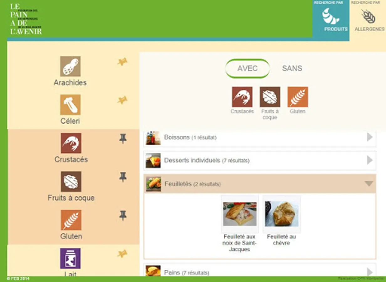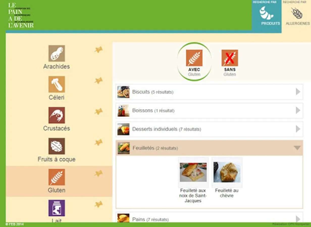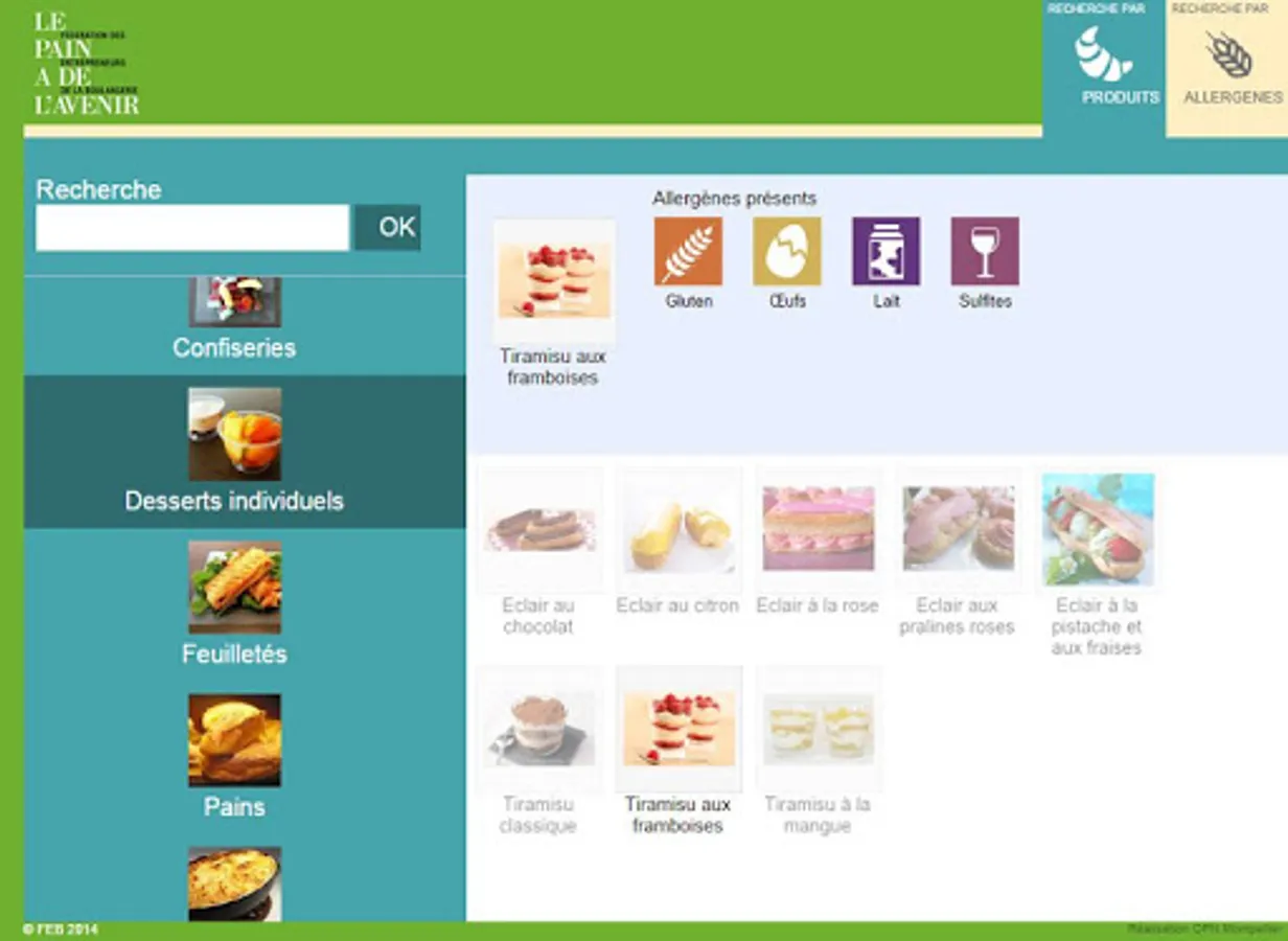 Application developed by the FEB (Federation of Enterprises in Bakery) and complies with INCO (EU Regulation on the labeling of unpackaged applicable in December 2014 products) requirements.
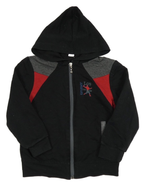 Černo-červeno-šedá propínací mikina se sportovcem a kapucí
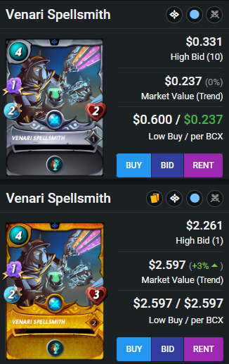 Hello everyone, it's time for another weekly battle change post! This time it's for VENARI SPELLSMITH, this card is being used a lot by BOTs, which is why the price of this card is increasing and corresponding to the rental fees, I rarely use this card but it's a very good card to have.
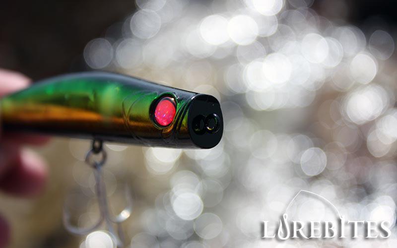 Στο κεφάλι υπάρχουν δυο κόκκινα 3D μάτια, κάτι το οποίο αποτελεί σήμα κατατεθέν των τεχνητών της εταιρίας. Επίσης, έχει όμορφα λεπτομερή χαραγμένα βράγχια που το κάνει ακόμη πιο αληθοφανές στα μάτια των αρπακτικών. Το κεφάλι του είναι επίπεδο και έτσι μπορούμε να αισθανθούμε στο καλάμι μας την αντίσταση του τεχνητού την ώρα που απωθεί το νερό, έχοντας τον καλύτερο του έλεγχο παράλληλα.
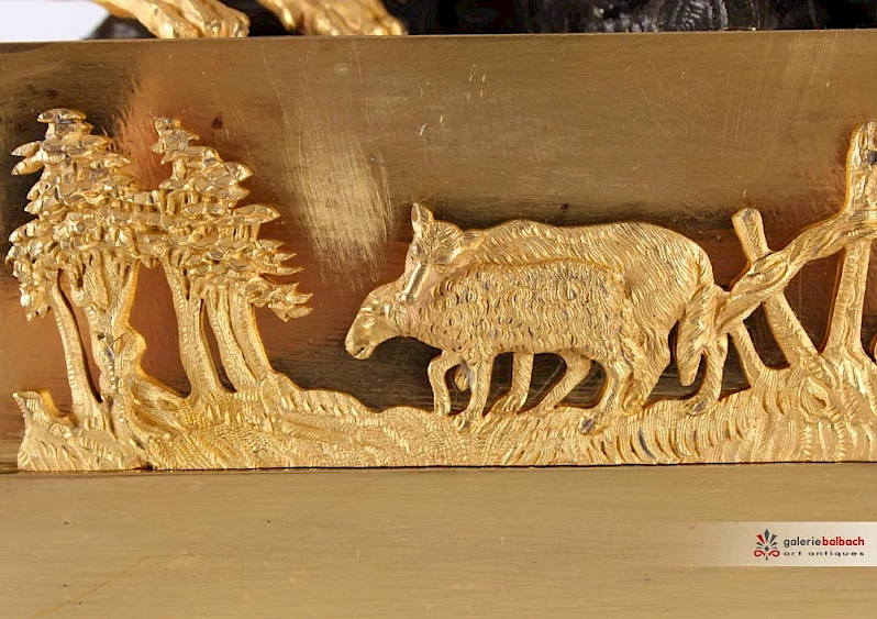 Socle reposant sur des pieds finement ciselés, avec des scènes de loups, de moutons et de bergers représentées en applications.
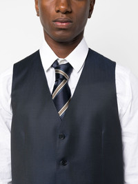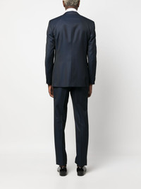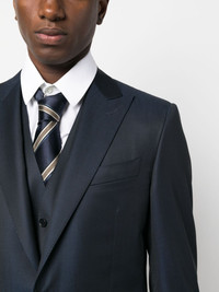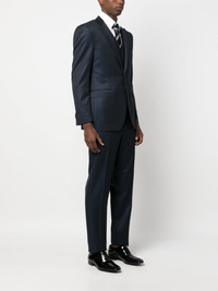 single-breasted wool suit Highlights - Navy blue - Wool - Three-piece design - Jacket: - Peak lapels - Front button fastening - Long sleeves - Buttoned cuffs - Jetted chest pocket - Two front flap pockets - Straight hem - English rear vents - Waiscoat: - V-neck - Front button fastening - Sleeveless - Trousers: - Slim cut - Pressed crease - Belt loops - Two side inset pockets - Two rear welt pockets Made in Italy Composition Lining: Cupro 100% Outer: Wool 100% SIZE & FIT Model measurements Height 6 ft 0 in(1.84 m) Bust/Chest 34.64 in(88 cm) Hips 35.03 in(89 cm) Waist 27.95 in(71 cm) Washing instructions Dry Clean Only
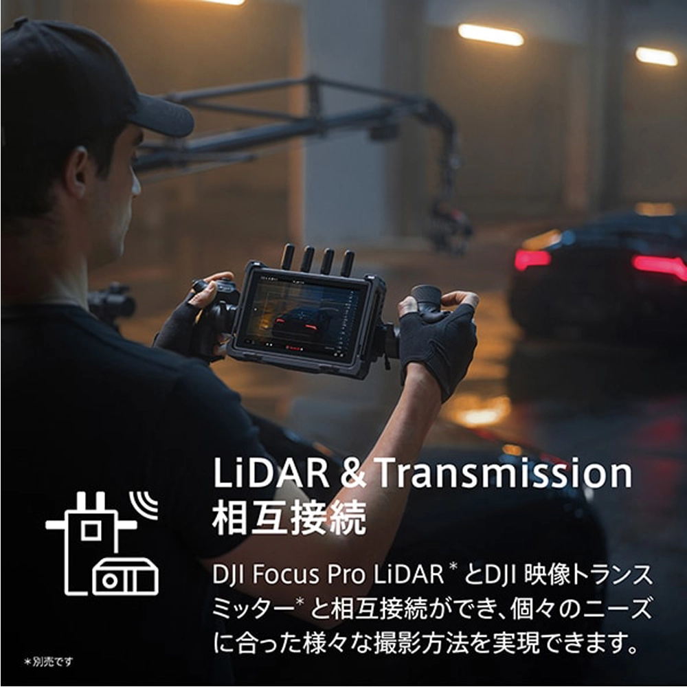 - Roninシリーズ アクセサリー (RSA)/NATOポート、1/4-20 取り付け穴、コールドシュー、映像伝送/LiDARレンジファインダーポート (USB-C)、RSSカメラ制御ポート (USB-C)、フォーカスモーター ポート (USB-C)
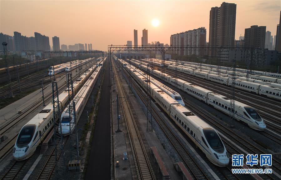 4月8日,在武漢動(dòng)車段,列車停靠在存車線上準(zhǔn)備投入運(yùn)行(無人機(jī)照片)。新華社記者肖藝九攝
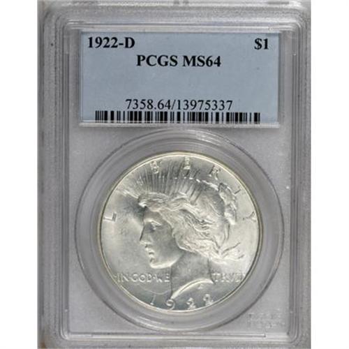 <B>1922-D $1 MS64 PCGS.</B></I> PCGS Population (2627/1139). NGC Census: (2230/848). Mintage: 15,063,000. Numismedia Wsl. Price for NGC/PCGS coin in MS64: $75. (#7358)<BR><BR><B>Coin Engraver:</B> Anthony de Francisci<BR><BR><b>Shipping:</b> Coins & Currency (<a target="_blank" href="http://www.heritageauctions.com/common/shipping.php">view shipping information</a>)
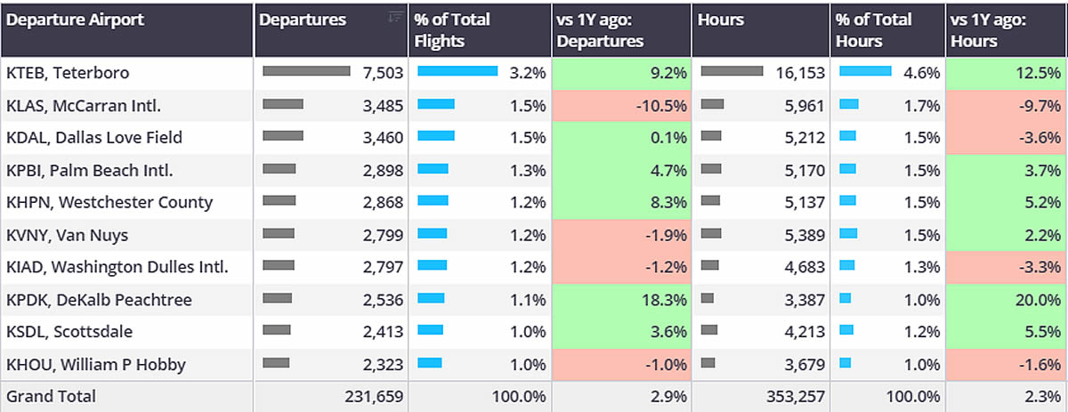 Business jet departures by US airport in October 2024.
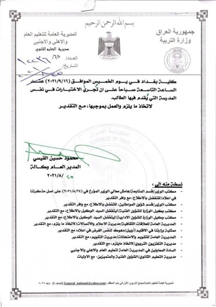 وذكرت الوزارة في بيان لها، ان "التقديم لمدار المتفوقين والمتفوقات يبدأ يوم الأحد الموافق 29 آب لعام 2021، وينتهي في نهاية الدوام الرسمي ليوم الخميس الـ9 من شهر أيلول المقبل"، مشيرا الى ان "ضوابط التقديم، تنص على قبول الطالب في مدارس المتفوقين والمتفوقات من الحاصلين على معدل (95%)".واضاف "لا يحق للطالب التقديم الى مدارس المتميزين وثانويات كلية بغداد، والتقديم الى مدارس المتفوقين والمتفوقات معاً في آن واحد"، مبينا انه "في حالة حدوث ذلك يحرم الطالب من كلا التقديمين".وتابع ان "الاختبار مدرسي (تحصيلي) بالمواد (اللغة العربية ، اللغة الإنكليزية ، الرياضيات ، العلوم) للصف السادس الابتدائي وحسب المنهج المكيف والفصول المطلوبة وفق ما تم تحديده من قبل المديرية العامة للمناهج للعام الدراسي (2020 – 2021) بهذا الخصوص".وبشأن موعد اختبار مدارس المتميزين وثانويات كلية بغداد، ذكر البيان ان "موعد الاختبار الخاص بمدارس المتميزين وثانويات كلية بغداد سيكون يوم الخميس الموافق (16 أيلول 2021) عند الساعة التاسعة صباحاً على ان تجري الاختبارات في نفس المدرسة التي يقدم فيها الطالب" .
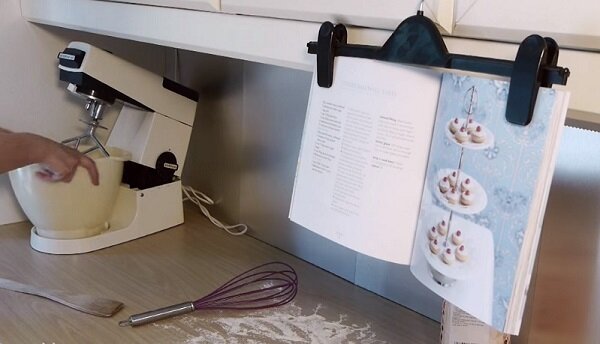 Вешалка с клипсами можно использовать как держатель кулинарных книг.
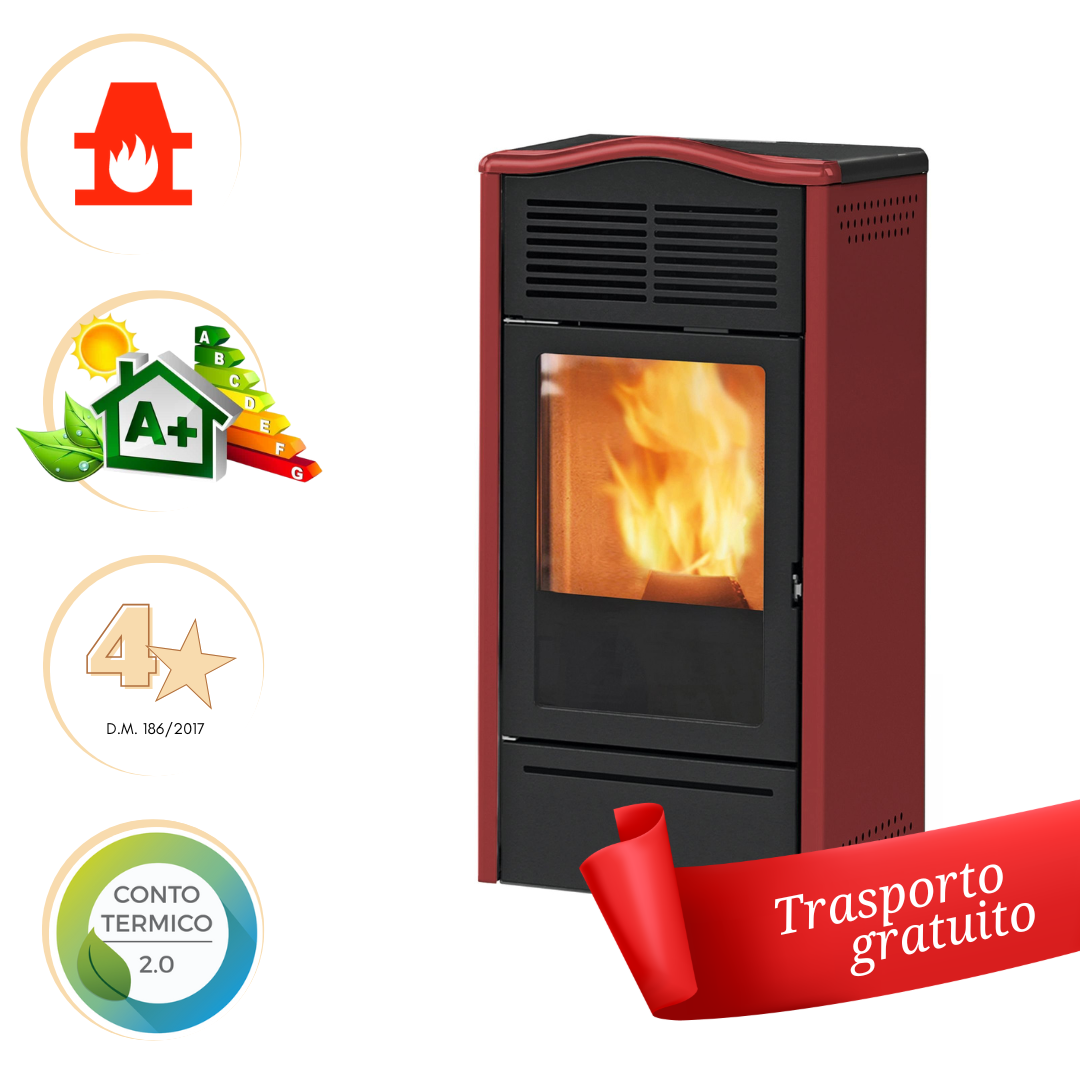 Stufa a pellet con rivestimento in acciaio in 4 colori: beige, bordeaux, bianco opaco e grigio.

==============================

TASK ITEM – Once the line with "- Roninシリーズ アクセサリー" has been found above, output that line and every later line exactly, stopping after the line with "Business jet departures", and omit the pictures.

REPLY –
 - Roninシリーズ アクセサリー (RSA)/NATOポート、1/4-20 取り付け穴、コールドシュー、映像伝送/LiDARレンジファインダーポート (USB-C)、RSSカメラ制御ポート (USB-C)、フォーカスモーター ポート (USB-C)
 4月8日,在武漢動(dòng)車段,列車停靠在存車線上準(zhǔn)備投入運(yùn)行(無人機(jī)照片)。新華社記者肖藝九攝
 <B>1922-D $1 MS64 PCGS.</B></I> PCGS Population (2627/1139). NGC Census: (2230/848). Mintage: 15,063,000. Numismedia Wsl. Price for NGC/PCGS coin in MS64: $75. (#7358)<BR><BR><B>Coin Engraver:</B> Anthony de Francisci<BR><BR><b>Shipping:</b> Coins & Currency (<a target="_blank" href="http://www.heritageauctions.com/common/shipping.php">view shipping information</a>)
 Business jet departures by US airport in October 2024.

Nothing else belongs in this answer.